Il poursuit : «Rappelez vous ce qui s’est passé pour Abdelfatteh Amor, président de la Commission nationale d’investigation sur les affaires de corruption et de malversation (CICM), qui a succombé aux pressions et aux menaces des barons de la corruption. Il en est mort.»
Il y a en totalité 300.000 dossiers qui auraient dû être traités, et de poursuivre : «D’ailleurs, j’ajouterais cinq personnes considérées comme les piliers de la corruption en Tunisie. Ces personnes là sont connues et font partie de la Commission d’analyse auprès de la Banque centrale de Tunisie. A ce jour, aucune poursuite judiciaire n’a été entamée à leur encontre.»
Il a fait savoir également que le grand danger qui guette le pays n’est autre que le corporatisme. «Dans chaque institution publique, nous avons à faire à des corrompus», a-t-il ajouté.

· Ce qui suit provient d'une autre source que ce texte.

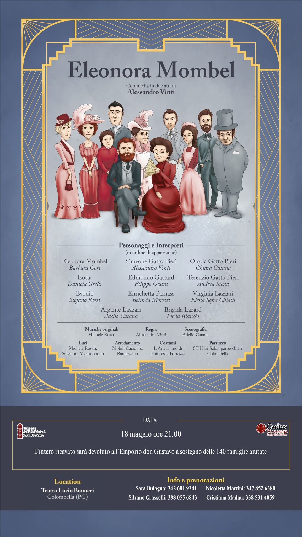 Domenica 18 maggio, alle 21, al Teatro Lucio Bonucci di Colombella, “Eleonora Mombel” commedia in due atti a cura degli “Amici del Teatro di Colombella”. Il ricavato sarà interamente devoluto all’Emporio della Solidarietà “Don Gustavo”.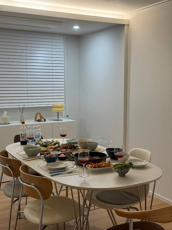 최근에 시댁 식구분들 초대해서 함께 집들이한 모습이에요. 저희 신혼집에 있는 그릇, 접시들 다 총출동한 날이었는데 그래도 식세기 덕분에 설거지 걱정은 덜어서 좋더라고요. 역시 살림 3대 이모님! 신혼 가전으로 찐 추천합니다.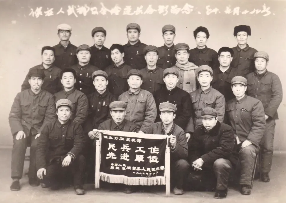 1983,侯庄人民公社人武部被县人武部表彰为“民兵工作先进单位”。1984年1月19日表彰大会后,公社人武部负责人与各大队民兵连长合影留念。(照片提供者:李克玖,前排右一)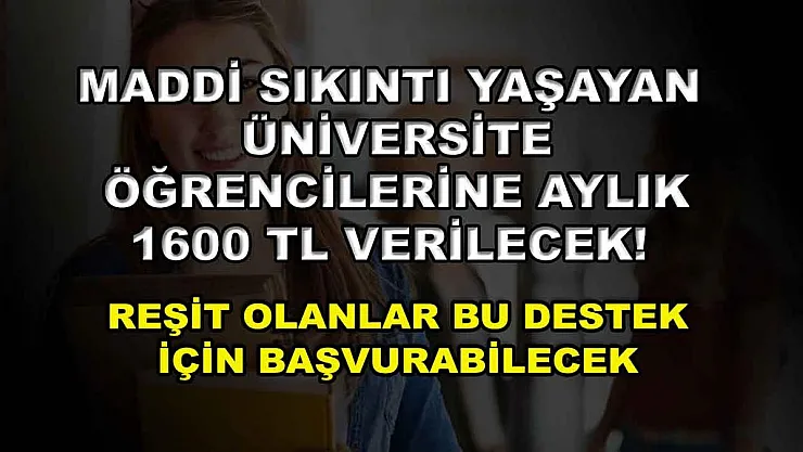 - Maddi sıkıntı yaşayan üniversite öğrencilerine aylık 1600 TL verilecek! Reşit olanlar bu destek için başvurabilecek

«Il faut qu’il y ait une volonté politique basée sur des actes et non de simples paroles dans la lutte contre la corruption. Deux éléments que je juge essentiels pour combattre ce phénomène : donner plus de moyens aux instances concernées, en termes de financement et de moyens humains. Ensuite, appliquer la loi pour faire échec à cette culture de l’impunité qui fait prospérer et s’enraciner de plus en plus la corruption. Je dirais une fois de plus : tant qu’on ne changera pas les mentalités de ces personnes, rien ne changera. C’est là où réside le vrai combat pour anéantir ce fléau», conclut-il.